__DESCRIPTION OF THE TASK__
When the data below is printed, every line must match exactly and the images must be absent.
(DATA FOR THIS TASK Opens)
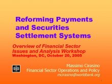 Reforming Payments and Securities Settlement Systems Overview of
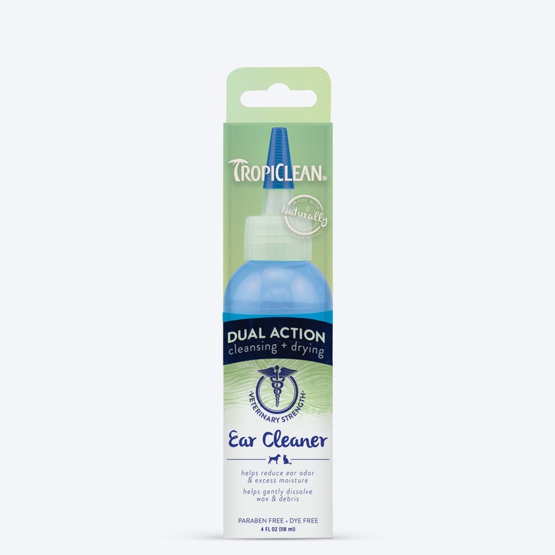 The TropiClean Dual Action Ear Cleaner for Pets is formulated to dissolve wax in your pet's ears. It also helps remove debris and keep your pet's ears clean, which results in reducing odour. the liquid quickly dies up to prevent excess moisture and to prev
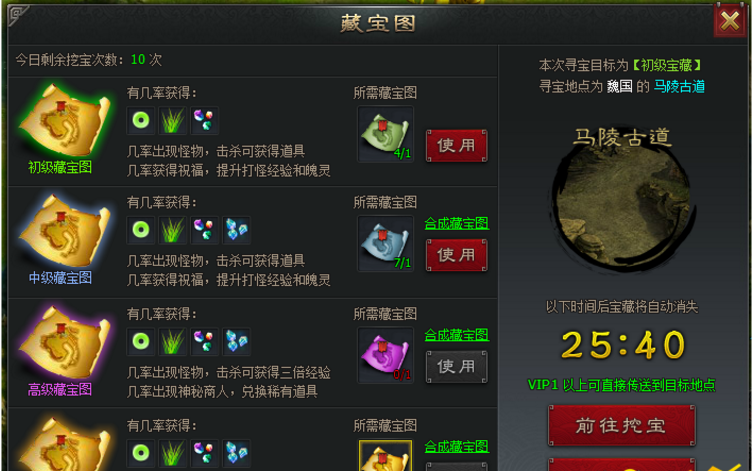 江湖中的藏宝图一共分为,初级藏宝图、中级藏宝图、高级藏宝图和特级藏宝图,使用不同的藏宝图获得的宝藏数量也不一样。玩家挖掘出宝藏之后会有一定几率获得材料,也有几率出现怪物,击杀可以获得道具,还有记录获得祝福,提升打怪经验和魄灵。玩家获得藏宝图的方式有很多种,参与副本和游戏中的活动都能获得,但是想要获得高等级的藏宝图就需要玩家对低等级的藏宝图进行合成,合成藏宝图需要10张低等级的藏宝图才能够获得一张高等级的藏宝图。玩家使用藏宝图之后将会给玩家一个宝藏的埋藏地点,玩家需要在30分钟之内前往目标地点并且成功挖掘宝藏,如果玩家没能在规定时间内挖掘宝藏,宝藏将会消失。宝藏地点会随机出现在游戏的任何一个地方,VIP1以上的玩家可以直接传送到目标地点。普通玩家也可以点击前往挖宝自动寻路到藏宝地点。如果玩家觉得宝藏不满意的话也可以点击放弃。
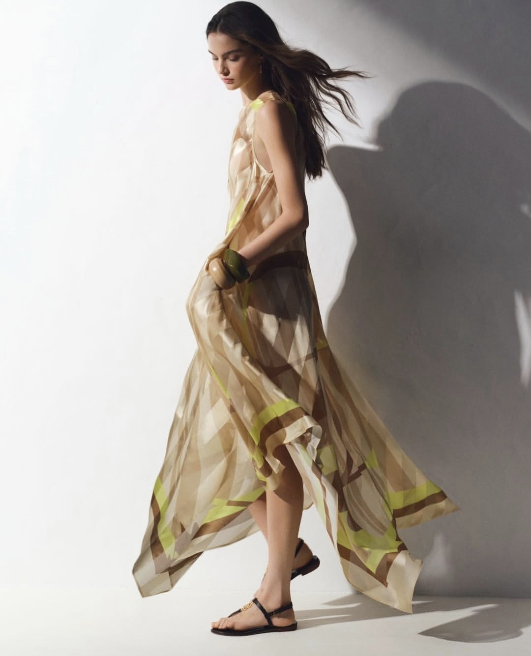 تميزت المجموعة بتنوعها بين القطع اليومية والفساتين الطويلة التي تصلح لأمسية هادئة على الشاطئ أو نزهة في النهار. الألوان الأساسية تميل إلى الأسود والأبيض والرمل، مع لمسات مشرقة من الأصفر الليموني والأخضر العشبي، في مزج متناغم يعكس المزاج الصيفي الحيوي والطاقة المشرقة.
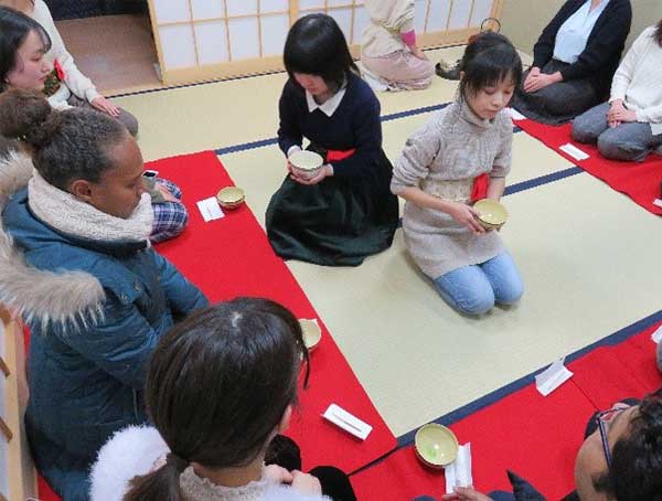 本お茶会は、日本文化である「お茶」を通じて留学生と日本人学生の交流を行うと同時に、他国におけるクリスマス文化も紹介することにより、和洋折衷の文化理解を促進する目的として、本学学生団体である茶道部和敬清寂社とバームクーヘンの会、そして職員ボランティアの協力によって開催されたものです。
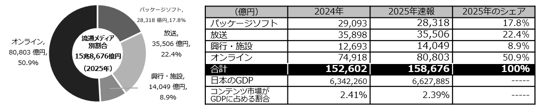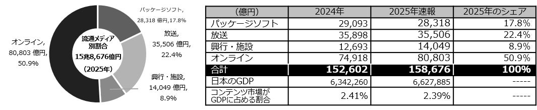 2025年の日本の国内コンテンツ市場の各分野発表・推計値の合計は、前年から4%増の15兆8,676億円。オンラインのコンテンツ・広告の合計が市場の過半を超えた。
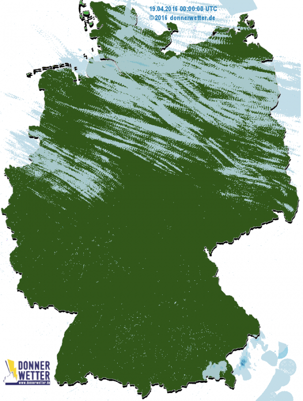 EIn tolles Bild zeigt sich im Regenradar von gestern. Schauerspuren verdichten sich zu einem Muster über Norddeutschland. Sonst war es trocken.
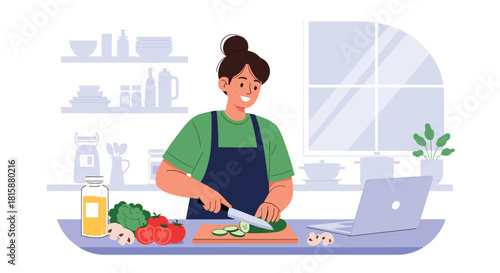 Happy father cooking pancakes with daughter in kitchen, flat vector illustration. Dad with kid spending time together preparing breakfast. Parent child relationship, happy fatherhood and parenting.
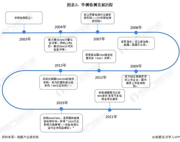 华测检测认证集团股份有限公司成立于2003年;2004首次通过CMA计量认证评审,同年11月9日,通过CNAL认可实验室评审;2007年成立民营检测行业首家研究院——CTI华测检测研究院;2009年成为创业板首家深圳上市企业,也是国内首家上市检测机构;2021年收购德国易马公司90%股份,进军汽车检测全球化服务。目前,华测检测已经成为我国行业领先的检测与认证服务企业。
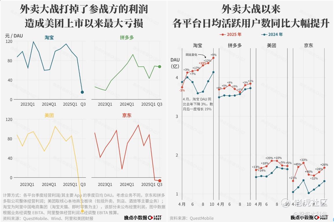 各类市场数据显示,当下淘宝闪购和美团的市场份额,已从去年的三七开,打到五五相当。结合媒体晚点2025年的报表数据可以看到:在几乎相当的补贴投入之下,美团在大战中的投入回报率最低的,同样花了大几百亿,几乎看不到增长效用。
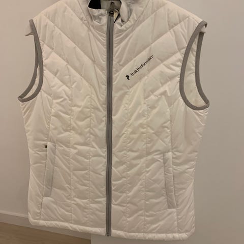 Nike vest for dame i størrelse M. Vesten er hvit og laget i polyester. Den har høy krage og glidelås i front. Modellen har stikklommer i sidene og lett vattert, quiltet innside.
(DATA FOR THIS TASK Closes)
__TASK OUTPUT__
 Reforming Payments and Securities Settlement Systems Overview of
 The TropiClean Dual Action Ear Cleaner for Pets is formulated to dissolve wax in your pet's ears. It also helps remove debris and keep your pet's ears clean, which results in reducing odour. the liquid quickly dies up to prevent excess moisture and to prev
 江湖中的藏宝图一共分为,初级藏宝图、中级藏宝图、高级藏宝图和特级藏宝图,使用不同的藏宝图获得的宝藏数量也不一样。玩家挖掘出宝藏之后会有一定几率获得材料,也有几率出现怪物,击杀可以获得道具,还有记录获得祝福,提升打怪经验和魄灵。玩家获得藏宝图的方式有很多种,参与副本和游戏中的活动都能获得,但是想要获得高等级的藏宝图就需要玩家对低等级的藏宝图进行合成,合成藏宝图需要10张低等级的藏宝图才能够获得一张高等级的藏宝图。玩家使用藏宝图之后将会给玩家一个宝藏的埋藏地点,玩家需要在30分钟之内前往目标地点并且成功挖掘宝藏,如果玩家没能在规定时间内挖掘宝藏,宝藏将会消失。宝藏地点会随机出现在游戏的任何一个地方,VIP1以上的玩家可以直接传送到目标地点。普通玩家也可以点击前往挖宝自动寻路到藏宝地点。如果玩家觉得宝藏不满意的话也可以点击放弃。
 تميزت المجموعة بتنوعها بين القطع اليومية والفساتين الطويلة التي تصلح لأمسية هادئة على الشاطئ أو نزهة في النهار. الألوان الأساسية تميل إلى الأسود والأبيض والرمل، مع لمسات مشرقة من الأصفر الليموني والأخضر العشبي، في مزج متناغم يعكس المزاج الصيفي الحيوي والطاقة المشرقة.
 本お茶会は、日本文化である「お茶」を通じて留学生と日本人学生の交流を行うと同時に、他国におけるクリスマス文化も紹介することにより、和洋折衷の文化理解を促進する目的として、本学学生団体である茶道部和敬清寂社とバームクーヘンの会、そして職員ボランティアの協力によって開催されたものです。
 2025年の日本の国内コンテンツ市場の各分野発表・推計値の合計は、前年から4%増の15兆8,676億円。オンラインのコンテンツ・広告の合計が市場の過半を超えた。
 EIn tolles Bild zeigt sich im Regenradar von gestern. Schauerspuren verdichten sich zu einem Muster über Norddeutschland. Sonst war es trocken.
 Happy father cooking pancakes with daughter in kitchen, flat vector illustration. Dad with kid spending time together preparing breakfast. Parent child relationship, happy fatherhood and parenting.
 华测检测认证集团股份有限公司成立于2003年;2004首次通过CMA计量认证评审,同年11月9日,通过CNAL认可实验室评审;2007年成立民营检测行业首家研究院——CTI华测检测研究院;2009年成为创业板首家深圳上市企业,也是国内首家上市检测机构;2021年收购德国易马公司90%股份,进军汽车检测全球化服务。目前,华测检测已经成为我国行业领先的检测与认证服务企业。
 各类市场数据显示,当下淘宝闪购和美团的市场份额,已从去年的三七开,打到五五相当。结合媒体晚点2025年的报表数据可以看到:在几乎相当的补贴投入之下,美团在大战中的投入回报率最低的,同样花了大几百亿,几乎看不到增长效用。
 Nike vest for dame i størrelse M. Vesten er hvit og laget i polyester. Den har høy krage og glidelås i front. Modellen har stikklommer i sidene og lett vattert, quiltet innside.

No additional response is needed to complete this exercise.